Collection entries:
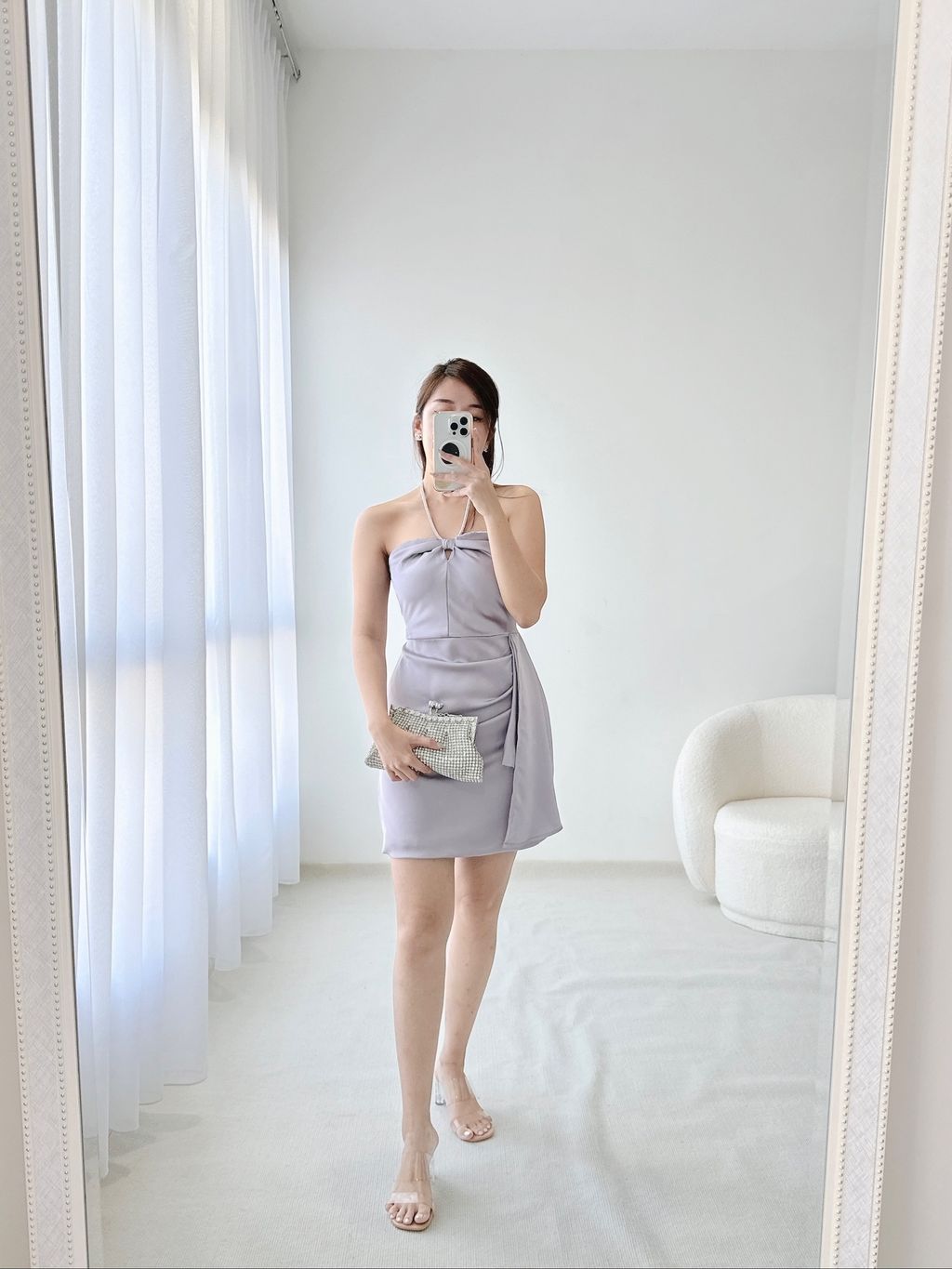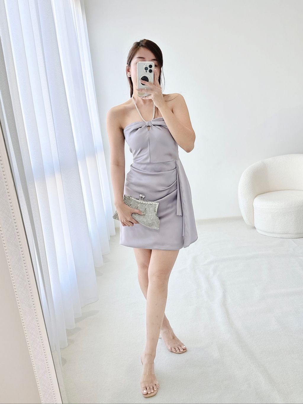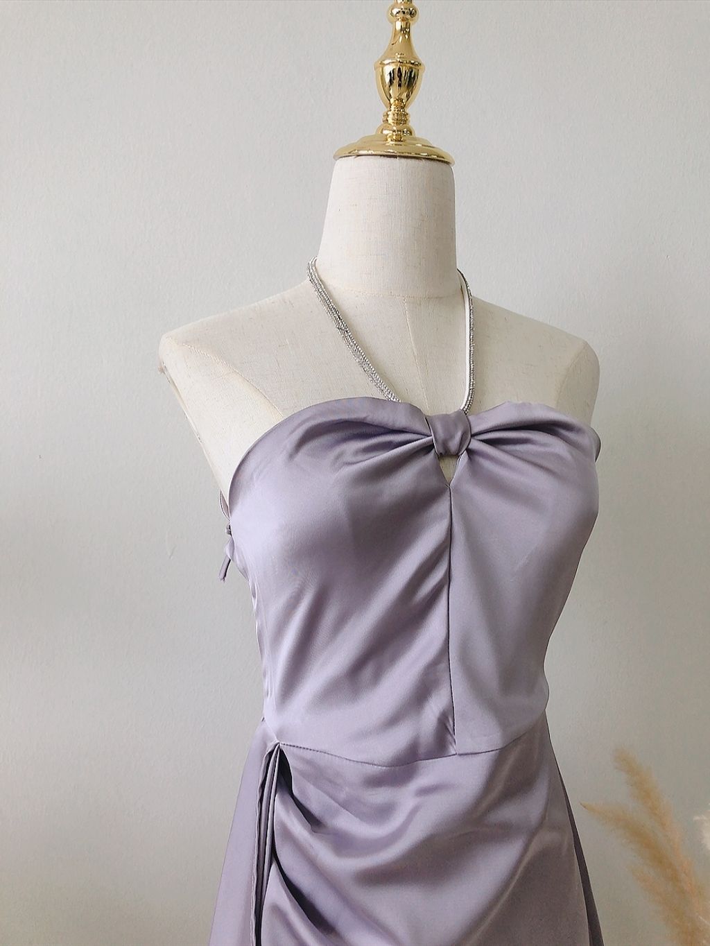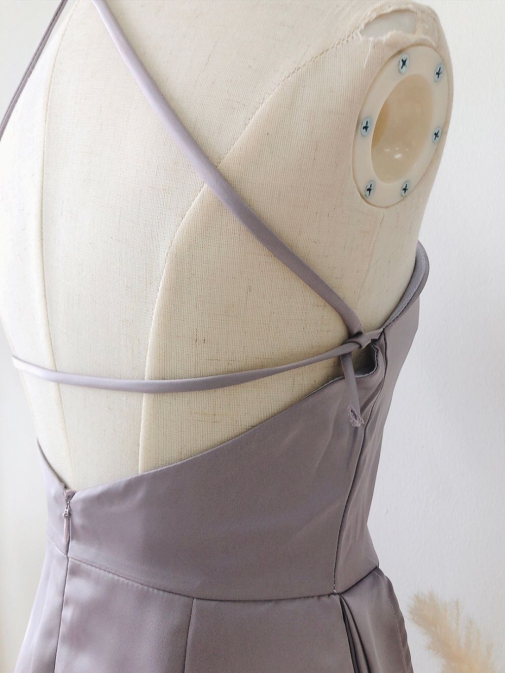 Giselle Halter Silky Satin Dress (Purplish Grey)
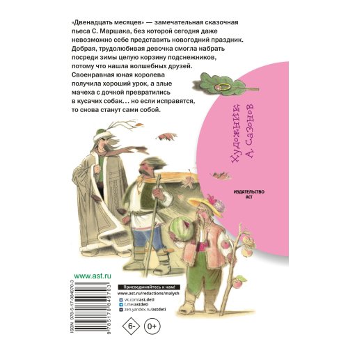Об этом юные читатели узнают в конце доброй сказки из этой книжки с яркими цветными иллюстрациями. Для... Читать полностью "Двенадцать месяцев" - замечательная сказочная пьеса С. Маршака, без которой новогодний праздник сегодня даже представить себе невозможно. Добрая, трудолюбивая девочка смогла набрать целую корзину подснежников посреди зимы, потому что нашла волшебных друзей. Своенравная юная королева получила хороший урок, а злые мачеха с дочкой превратились в кусачих собак…
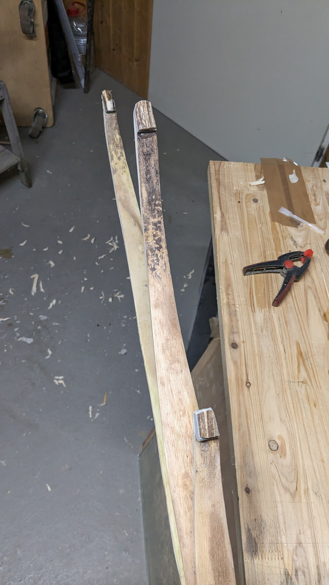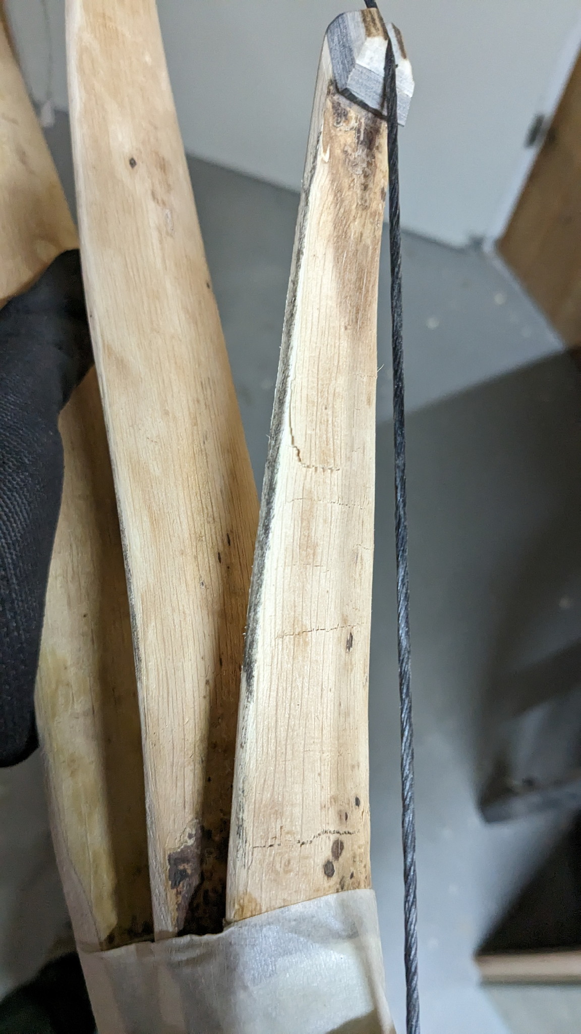 Jetzt muss ich mich schnell entscheiden, ob ich einfach weiter schwäche oder ob ich den mittleren Bogen etwas kürze, den recurve reduziere und somit das Kabel näher an den Rücken holen. Vielleicht ist meine Theorie aber auch falsch und durch das kürzen mache ich den mittleren Bogen und damit das Gesamtkonstrukt, nur stärker
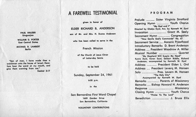 I was particularly grateful that former San Bernardino Stake President Levern M (“Uncle Vern”) Hansen and his dear Elsie came from their home in Huntington Beach to speak and sing at my farewell. Pappy had served as his counselor, some years earlier (with Woodrow Miller, another speaker), and then they had moved away. Yes, this was a a long meeting: an hour and 31 minutes, even though Mammy spoke for only the Sunday-school-sanctified 2½ minutes. A decade before the current three-hour meeting pattern came along, no other meeting was scheduled at the end of this one, and so if we ran over, we ran over. 1I’ve recently (2010) come across and digitized1 the recording (1/4-inch magnetic audio tape) that the folks made. Something went wrong with the recording, about 49 minutes in; so, much of it’s hidden behind hum and distortion. Including, alas, Mammy’s brief talk. But what a joy to hear Woodrow, once again, address a congregation as “My Good People!” (click here to hear him). You’re welcome to hear it or to have it; you’ll have to ask, though: audio files, even MP3s, are big. At 88 MB, this one would swamp this little hyper-archive. I keep it at Archive>Content>Audio>MT |
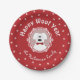 Fêtes festives et festives avec charme grâce à nos assiettes personnalisables en papier. Orné d'un mignon caniche dessiné à la main dans un cadre vintage contre un arrière - plan rouge vif, parsemé de neige empreinte de patte, et prêt pour votre touche Zazzle personnalisée. Idéal pour les amateurs de chiens et ceux qui recherchent une touche de lucidité dans leurs festivités de Noël ou de Nouvel An 🐾 🎄 🍽️.

• EXERCISE INSTRUCTIONS
For this exercise, print all of the entries exactly as they appear, but without pictures.

• RESULT FOR THIS EXERCISE
 Giselle Halter Silky Satin Dress (Purplish Grey)
Об этом юные читатели узнают в конце доброй сказки из этой книжки с яркими цветными иллюстрациями. Для... Читать полностью "Двенадцать месяцев" - замечательная сказочная пьеса С. Маршака, без которой новогодний праздник сегодня даже представить себе невозможно. Добрая, трудолюбивая девочка смогла набрать целую корзину подснежников посреди зимы, потому что нашла волшебных друзей. Своенравная юная королева получила хороший урок, а злые мачеха с дочкой превратились в кусачих собак…
 Jetzt muss ich mich schnell entscheiden, ob ich einfach weiter schwäche oder ob ich den mittleren Bogen etwas kürze, den recurve reduziere und somit das Kabel näher an den Rücken holen. Vielleicht ist meine Theorie aber auch falsch und durch das kürzen mache ich den mittleren Bogen und damit das Gesamtkonstrukt, nur stärker
 I was particularly grateful that former San Bernardino Stake President Levern M (“Uncle Vern”) Hansen and his dear Elsie came from their home in Huntington Beach to speak and sing at my farewell. Pappy had served as his counselor, some years earlier (with Woodrow Miller, another speaker), and then they had moved away. Yes, this was a a long meeting: an hour and 31 minutes, even though Mammy spoke for only the Sunday-school-sanctified 2½ minutes. A decade before the current three-hour meeting pattern came along, no other meeting was scheduled at the end of this one, and so if we ran over, we ran over. 1I’ve recently (2010) come across and digitized1 the recording (1/4-inch magnetic audio tape) that the folks made. Something went wrong with the recording, about 49 minutes in; so, much of it’s hidden behind hum and distortion. Including, alas, Mammy’s brief talk. But what a joy to hear Woodrow, once again, address a congregation as “My Good People!” (click here to hear him). You’re welcome to hear it or to have it; you’ll have to ask, though: audio files, even MP3s, are big. At 88 MB, this one would swamp this little hyper-archive. I keep it at Archive>Content>Audio>MT |
 Fêtes festives et festives avec charme grâce à nos assiettes personnalisables en papier. Orné d'un mignon caniche dessiné à la main dans un cadre vintage contre un arrière - plan rouge vif, parsemé de neige empreinte de patte, et prêt pour votre touche Zazzle personnalisée. Idéal pour les amateurs de chiens et ceux qui recherchent une touche de lucidité dans leurs festivités de Noël ou de Nouvel An 🐾 🎄 🍽️.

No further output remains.